##### COLLECTED DATA #####

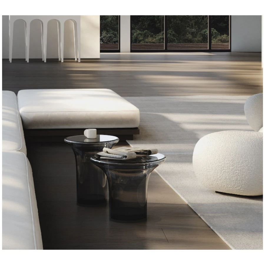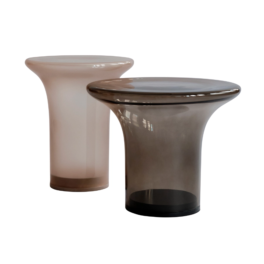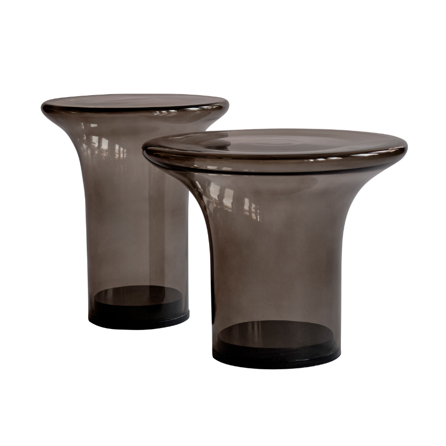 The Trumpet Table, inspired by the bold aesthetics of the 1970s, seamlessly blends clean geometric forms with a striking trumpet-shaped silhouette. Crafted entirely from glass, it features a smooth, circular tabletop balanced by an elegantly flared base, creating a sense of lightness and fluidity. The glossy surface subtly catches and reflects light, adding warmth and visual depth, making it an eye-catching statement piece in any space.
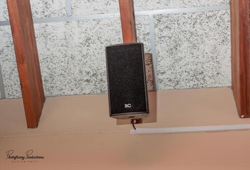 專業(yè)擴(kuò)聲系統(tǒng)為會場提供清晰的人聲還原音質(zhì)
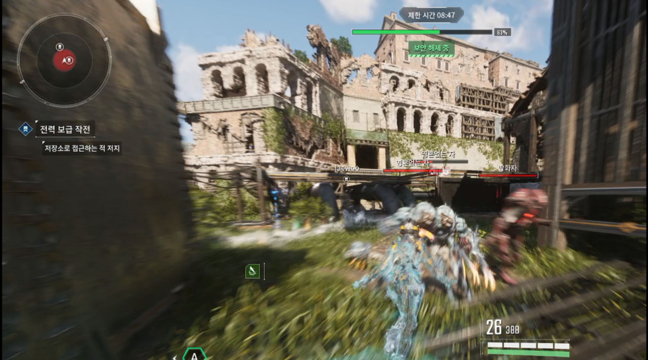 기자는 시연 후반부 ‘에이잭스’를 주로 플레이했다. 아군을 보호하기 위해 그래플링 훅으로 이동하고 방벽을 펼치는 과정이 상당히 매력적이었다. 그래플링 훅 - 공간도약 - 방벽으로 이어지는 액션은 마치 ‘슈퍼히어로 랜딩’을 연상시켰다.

#####

BRIEF:
The material above must be reproduced line for line, with the images omitted.

RESPONSE AREA:
 The Trumpet Table, inspired by the bold aesthetics of the 1970s, seamlessly blends clean geometric forms with a striking trumpet-shaped silhouette. Crafted entirely from glass, it features a smooth, circular tabletop balanced by an elegantly flared base, creating a sense of lightness and fluidity. The glossy surface subtly catches and reflects light, adding warmth and visual depth, making it an eye-catching statement piece in any space.
 專業(yè)擴(kuò)聲系統(tǒng)為會場提供清晰的人聲還原音質(zhì)
 기자는 시연 후반부 ‘에이잭스’를 주로 플레이했다. 아군을 보호하기 위해 그래플링 훅으로 이동하고 방벽을 펼치는 과정이 상당히 매력적이었다. 그래플링 훅 - 공간도약 - 방벽으로 이어지는 액션은 마치 ‘슈퍼히어로 랜딩’을 연상시켰다.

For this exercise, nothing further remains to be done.